Z powodu niekorzystnej sytuacji gospodarczej część przedsiębiorców decyduje się na zmniejszenie produkcji. Mają nadzieję, że pomoże im to utrzymać się na rynku. Kiedy jednak takie działanie może okazać się niezgodne z prawem ochrony konkurencji?
Powodem ograniczania produkcji jest najczęściej chęć uniknięcia strat wynikających z kosztów wytworzenia, transportu czy przechowywania towarów, na które spadł popyt. Dlatego firmy mogą decydować się na ustalanie limitów produkcji. Jeśli taka decyzja podjęta jest przez firmę samodzielnie i bez koordynacji z konkurentami, to pozostaje w zgodzie z przepisami ustawy o ochronie konkurencji i konsumentów. Jednak w sytuacji, gdy ograniczenia produkcji następują na skutek wspólnej decyzji przedsiębiorców, to istnieje duże prawdopodobieństwo, że takie grupowe działanie narusza zakaz zawierania porozumień kontyngentowych. Istotą takich porozumień jest zasadniczo skoordynowane utrzymanie pewnego poziomu cen na produkty lub usługi poprzez ograniczenie ich ilości oferowanej na rynku. Porozumienia kontyngentowe nierzadko prowadzą też do wstrzymania postępu technicznego i innowacyjności. W dłuższej perspektywie zapewniają dochodowość firm, mimo że ich efektywność nie wzrasta.
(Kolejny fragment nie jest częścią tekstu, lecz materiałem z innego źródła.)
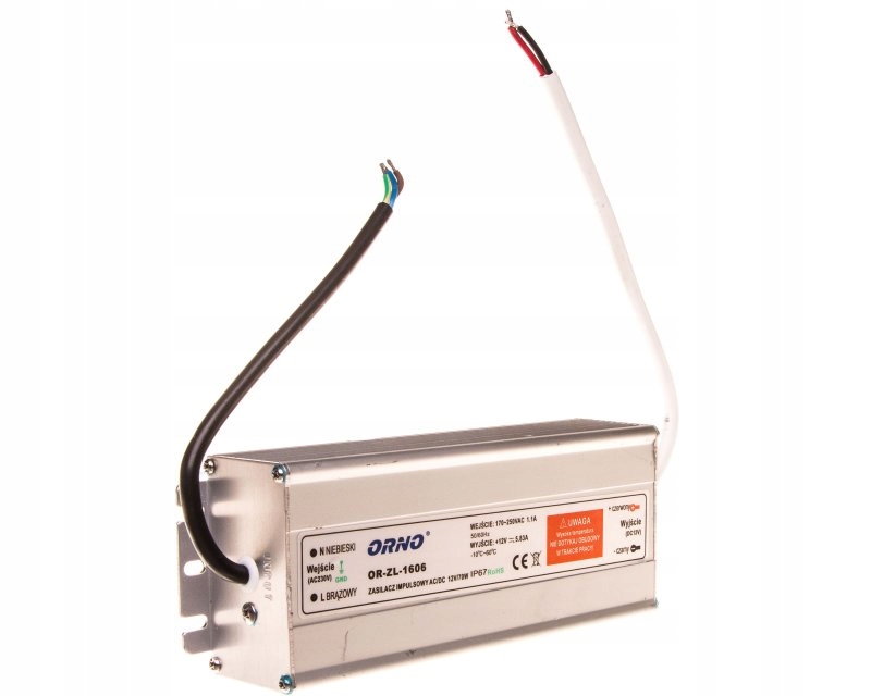 Блок живлення, призначений для світлодіодного освітлення, включаючи: окремі діоди, стрічки, світлодіодні стрічки, лампочки, модулі, шланги або неонові світильники. Він оснащений ручками, які дозволяють кріпити його до стіни. Характеризується водонепроникним, герметичним металевим корпусом, що дозволяє використовувати в умовах підвищеної вологості, наприклад, поза будівлею. Він характеризується постійною вихідною напругою незалежно від допустимого навантаження Джерело живлення оснащене такими захистами: від короткого замикання, перевантаження, напруги ВИХІДНІ ПАРАМЕТРИ живлення: 12 В номінальний струм: 6,25 А діапазон: 0~6,25 А потужність: 70W стійкість до перешкод: ±4% ВХІДНІ ПАРАМЕТРИ діапазон напруги: 90 ~265 В змінного струму діапазон частот: 47~60 Гц ЗАХИСНІ ПАРАМЕТРИ рівень захисту: IP67 коротке замикання: тип захисту: автоматичний запуск після усунення несправності перевантаження: захист від перевантаження - вище максимального показання: 145 ~160% від перегріву: тип захисту: відключення, відключення електроенергії, робоча температура: -30~ +60°C робоча вологість: 20~90% розміри: 170 x 54 x 35 мм (ширина / висота / глибина) вага: 0,5 кг / ПК.

Porozumienie kontyngentowe może przyjąć zarówno formę wyraźnego uzgodnienia pomiędzy jego stronami, jak i formę praktyki uzgodnionej. O praktyce uzgodnionej będzie można mówić wtedy, gdy firmy bez zawierania formalnego porozumienia zmniejszają niepewność co do swoich działań na rynku. Z tego powodu w sytuacji faktycznej konieczności ustalenia limitów produkcji należy zasadniczo unikać komunikowania tego zamiaru na zewnątrz firmy, zwłaszcza w okresie przed wprowadzeniem ograniczeń.
Porozumienia kontyngentowe stanowią obok porozumień cenowych jedno z najcięższych naruszeń prawa konkurencji, za które grożą kary finansowe w wysokości do 10 proc. przychodów firmy. Co do zasady, nie podlegają one legalizacji na podstawie przepisów szczególnych (choć rozważa się dopuszczalność karteli kryzysowych).